In Figure 18, we depict the input HFR stereo images of 1440 × 1080 pixels with correspondence results at intervals of 0.1 s for t = 7.180∼7.680 s. We numbered the students from 1 to 5, from the nearest to the farthest. Similar hands in the stereo HFR video were marked with similar colors, as in the previous experiment. When the students raised their hands, we performed stereo correspondence using hand movements. Furthermore, we calculated the 3D positions of the different hands. In this experiment, we knew the seating distribution of each student in advance, and we could identify who raised their hand through the position of the hand. In Figure 18, we marked the hand-raising action of classmates in the upper right corner. When the hands were raised, circles belonging to different students were filled with different colors; otherwise, they were filled with black. The x y coordinate values of the hand images in the left HFR stereoscopic video are shown in Figure 19 at t = 0–16 s. Simultaneously, Figure 20 shows the time variation of the mixed similarity between similar hands at t = 0–16 s. From the graph, the hands of students 1 to 5 appeared individually in the HFR stereoscopic video. The students’ hands moved at 0–7 and 10.5–16 s. During motion, the same hand in the HFR stereoscopic video had a high mixed similarity of approximately 0.8. We stopped the hand from moving at 6.8–10.2 s. As seen in Figure 20, the mixed similarities of the same hand dropped rapidly, greatly reducing the accuracy of the correspondence. Figure 21 shows the Gantt chart of the detected students’ hands raised over time. When the hand stopped moving, we could not accurately complete the correspondence. Our algorithm is currently limited regarding stereo correspondence in the static state. These results show that our method can accurately match objects in a stereoscopic video in moving scenes and use spatial information to complete certain applications.

5. Conclusions

In this study, we addressed the problem of stereo correspondence of objects with similar appearances. Traditional appearance-based algorithms do not provide effective performance, so we proposed a method that uses highly synchronized motion information to overcome this limitation. Our approach involves using high-synchronous short-term velocities acquired by high-speed vision systems as features for stereo correspondence of moving objects. We demonstrated the effectiveness of our method through experiments on (1) the correspondence of markers for regular motion on a metronome and (2) motion tracking and correspondence of multiple hands in indoor scenes.
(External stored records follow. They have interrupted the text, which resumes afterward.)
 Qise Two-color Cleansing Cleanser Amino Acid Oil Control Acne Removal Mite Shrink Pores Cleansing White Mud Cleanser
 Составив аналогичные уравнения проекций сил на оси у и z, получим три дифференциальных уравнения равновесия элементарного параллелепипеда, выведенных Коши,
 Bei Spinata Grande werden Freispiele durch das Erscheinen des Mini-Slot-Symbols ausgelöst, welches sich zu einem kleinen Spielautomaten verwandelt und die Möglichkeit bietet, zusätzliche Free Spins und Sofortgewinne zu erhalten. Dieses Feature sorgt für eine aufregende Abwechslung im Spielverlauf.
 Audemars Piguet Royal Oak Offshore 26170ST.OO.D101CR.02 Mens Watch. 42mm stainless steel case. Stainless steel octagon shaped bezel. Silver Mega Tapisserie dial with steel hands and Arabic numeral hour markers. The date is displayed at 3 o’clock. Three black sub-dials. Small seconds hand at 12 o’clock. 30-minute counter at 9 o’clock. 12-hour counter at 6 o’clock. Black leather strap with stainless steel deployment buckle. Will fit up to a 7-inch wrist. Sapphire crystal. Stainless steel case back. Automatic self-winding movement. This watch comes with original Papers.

These experiments confirmed the potential of high-speed vision technology to improve the stereo correspondence of objects with similar appearances. However, our current method cannot provide accurate results when objects are static.
In the future, we aim to address the following issues to further improve our method: (1) We will add appearance-related factors to our algorithm to achieve higher accuracies in stereo correspondences when objects are static. (2) Currently, our algorithm is run offline, but we plan to implement it using real-time HFR stereo camera systems in the future.

Author Contributions

All authors contributed to designing this study and writing the manuscript. I.I. contributed to the concept of stereo correspondence based on motion information. S.H. and K.S. designed and assembled a high-speed stereo camera system. Q.L. developed a high-speed hybrid tracking of multiple objects and a stereo matching method based on motion information. All authors have read and agreed to the published version of the manuscript.

Funding

This research was funded by [China Scholarship Council] grant number [202006540007].

Institutional Review Board Statement

I think this study did not require ethical approval.
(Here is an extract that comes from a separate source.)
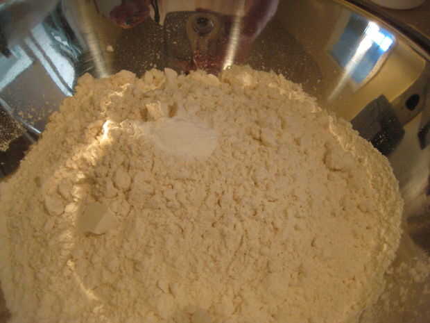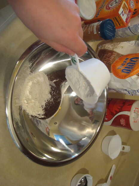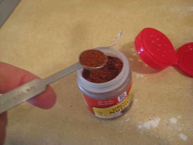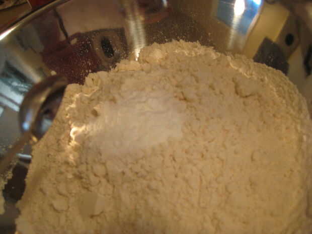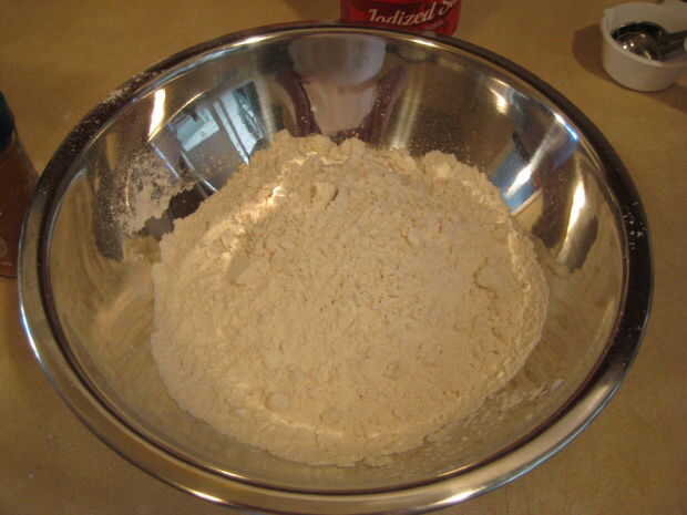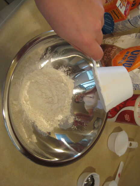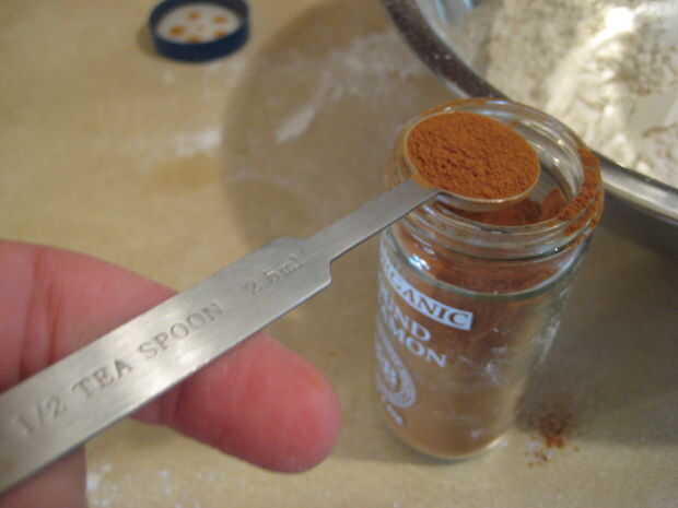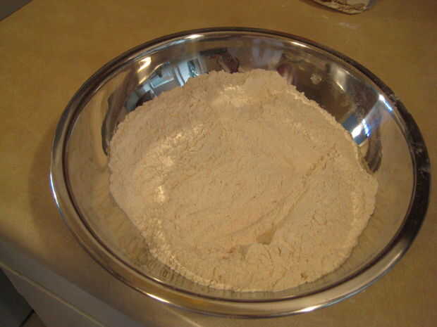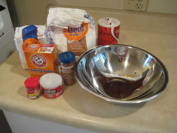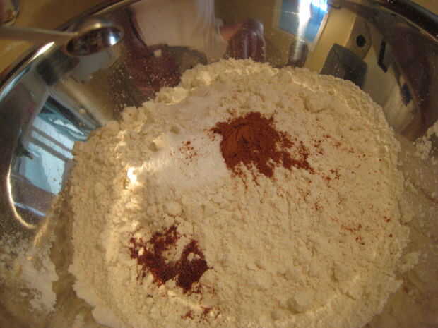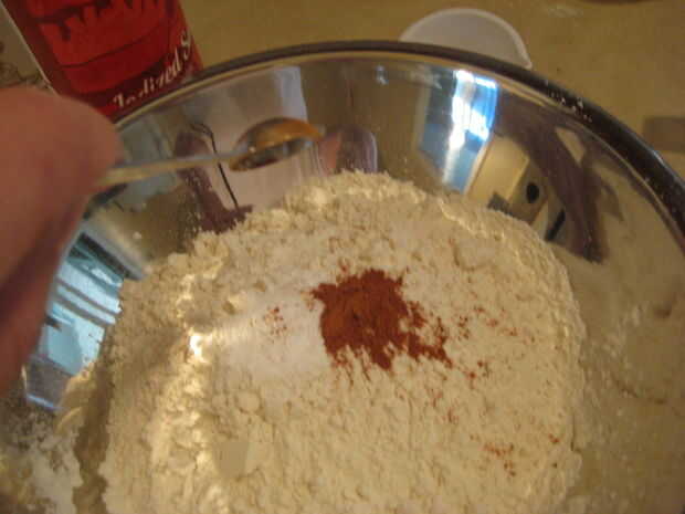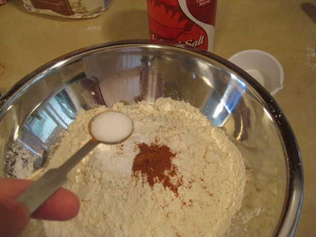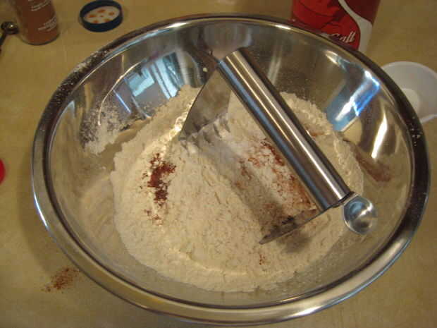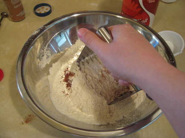 Cierna en un recipiente grande los 3-1/2 tazas de harina, 2 cucharaditas de polvo de hornear, 1 cucharadita de bicarbonato de sodio, 1/2 cucharadita de canela, 1/2 cucharadita de sal y 1/8 cucharadita de nuez moscada.

Informed Consent Statement

Informed consent was obtained from all subjects involved in the study. And I think this study did not involve humans.
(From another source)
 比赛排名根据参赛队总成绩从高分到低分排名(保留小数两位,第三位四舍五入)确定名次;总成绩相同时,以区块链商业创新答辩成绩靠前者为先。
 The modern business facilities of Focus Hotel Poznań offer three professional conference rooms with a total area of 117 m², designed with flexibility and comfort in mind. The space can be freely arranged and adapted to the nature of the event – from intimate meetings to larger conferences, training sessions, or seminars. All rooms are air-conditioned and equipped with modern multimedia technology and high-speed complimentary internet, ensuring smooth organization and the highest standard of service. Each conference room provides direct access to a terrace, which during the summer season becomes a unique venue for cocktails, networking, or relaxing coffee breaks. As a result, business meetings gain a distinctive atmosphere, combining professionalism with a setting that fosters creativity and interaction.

Data Availability Statement

Data sharing not applicable to this article as no datasets were generated or analysed during the current study.

Conflicts of Interest

The authors declare no conflict of interest.

References

  1. Hamid, M.S.; Abd Manap, N.; Hamzah, R.A.; Kadmin, A.F. Stereo matching algorithm based on deep learning: A survey. J. King Saud-Univ.-Comput. Inf. Sci. 2022, 34, 1663–1673. [Google Scholar] [CrossRef]
  2. Oroko, J.A.; Nyakoe, G. Obstacle avoidance and path planning schemes for autonomous navigation of a mobile robot: A review. In Proceedings of the Sustainable Research and Innovation Conference, Nairobi, Kenya, 5–7 October 2022; pp. 314–318. [Google Scholar]
  3. Liu, C.; Xing, C.; Hu, Q.; Wang, S.; Zhao, S.; Gao, M. Stereoscopic hyperspectral remote sensing of the atmospheric environment: Innovation and prospects. Earth-Sci. Rev. 2022, 226, 103958. [Google Scholar] [CrossRef]
  4. Schlinkmann, N.; Khakhar, R.; Picht, T.; Piper, S.K.; Fekonja, L.S.; Vajkoczy, P.; Acker, G. Does stereoscopic imaging improve the memorization of medical imaging by neurosurgeons? Experience of a single institution. Neurosurg. Rev. 2022, 45, 1371–1381. [Google Scholar] [CrossRef] [PubMed]
  5. Macario Barros, A.; Michel, M.; Moline, Y.; Corre, G.; Carrel, F. A comprehensive survey of visual slam algorithms. Robotics 2022, 11, 24. [Google Scholar] [CrossRef]
  6. Shabanian, H.; Balasubramanian, M. A novel factor graph-based optimization technique for stereo correspondence estimation. Sci. Rep. 2022, 12, 15613. [Google Scholar] [CrossRef]
  7. Hamzah, R.A.; Azali, M.N.Z.; Noh, Z.M.; Zahari, M.; Herman, A.I. Development of depth map from stereo images using sum of absolute differences and edge filters. Indones. J. Electr. Eng. Comput. Sci. 2022, 25, 875–883. [Google Scholar] [CrossRef]
  8. Chang, Q.; Zha, A.; Wang, W.; Liu, X.; Onishi, M.; Lei, L.; Er, M.J.; Maruyama, T. Efficient stereo matching on embedded GPUs with zero-means cross correlation. J. Syst. Archit. 2022, 123, 102366. [Google Scholar] [CrossRef]
  9. Wang, F.; Ding, L. Object recognition and localization based on binocular stereo vision. In Proceedings of the 2022 2nd International Conference on Control and Intelligent Robotics, Nanjing, China, 24–26 June 2022; pp. 196–201. [Google Scholar]
  10. Campos, C.; Elvira, R.; Rodríguez, J.J.G.; Montiel, J.M.; Tardós, J.D. Orb-slam3: An accurate open-source library for visual, visual–inertial, and multimap slam. IEEE Trans. Robot. 2021, 37, 1874–1890. [Google Scholar] [CrossRef]
  11. Zbontar, J.; LeCun, Y. Computing the stereo matching cost with a convolutional neural network. In Proceedings of the IEEE Conference on Computer Vision and Pattern Recognition, Boston, MA, USA, 7–12 June 2015; pp. 1592–1599. [Google Scholar]
  12. Laga, H.; Jospin, L.V.; Boussaid, F.; Bennamoun, M. A survey on deep learning techniques for stereo-based depth estimation. IEEE Trans. Pattern Anal. Mach. Intell. 2020, 44, 1738–1764. [Google Scholar] [CrossRef]
  13. Kaya, M.; Bilge, H.Ş. Deep metric learning: A survey. Symmetry 2019, 11, 1066. [Google Scholar] [CrossRef]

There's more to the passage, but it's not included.